Problem: Consider polynomials with natural coefficients of $n$ natural variables. Prove a computable universal function exists for this class. Prove that any such function is not a polynomial.
Attempt: Consider an ordering of the monomials. The polynomials of $n$ variables can now be represented by their coefficients. That is to each polynomial we assign its list of coefficients in ascending order of the monomials they belong to, a bijection from the polynomials to the lists of natural numbers. If $\gamma$ is an effective coding of the lists, we get a coding of all the polynomials $\{\varphi_i: \quad i=\gamma(<j_0,\dots,j_s>)\}$.

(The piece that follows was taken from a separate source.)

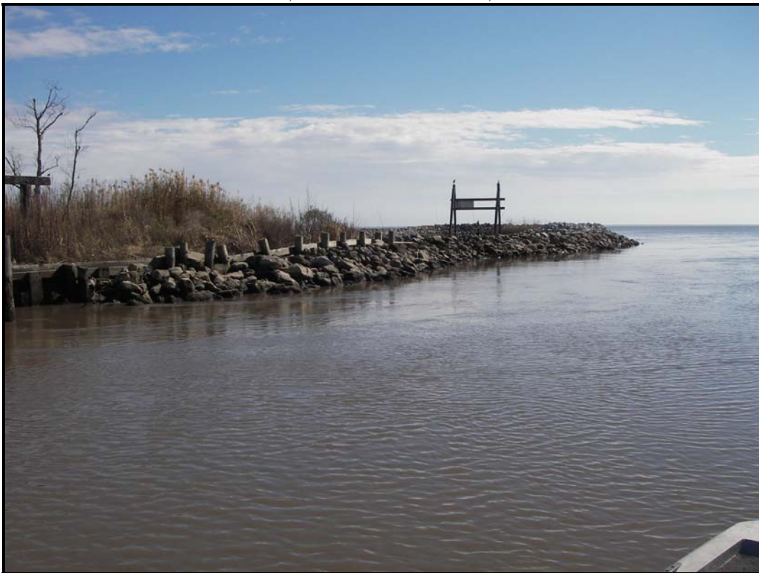
Photo No. 2 , Rock dike at Oaks Canal, east side

A universal function is now $\Phi(\overline x,i)=\varphi_i(\overline x,i)$
How should I proceed?
Not any ordering works, but the graded lexicographical ordering does, for any monomial $x^\alpha$ in it has only finitely many monomials smaller than $x^\alpha$. Now if $x_k$ is the $k$-th monomial in the ordering, $$\Phi(\overline x,i)=\sum_{k<lh(i)}mem(i,k)x_k$$
Now assume $\Phi(\overline x,i)$ is a polynomial. Then $$\Phi(\overline x,i)=\sum_{|\alpha|+a\leq deg(\Phi)}c_\alpha i^a\overline x^\alpha$$
If $\beta$ is a multi-index of length $n$ and if $|\beta|>deg(\Phi)$ then $\overline x^\beta\not=\Phi(\overline x,i)$, for all $i\in\mathbb N$, a contradiction. Therefore, $\Phi(\overline x,i)$ is not a polynomial.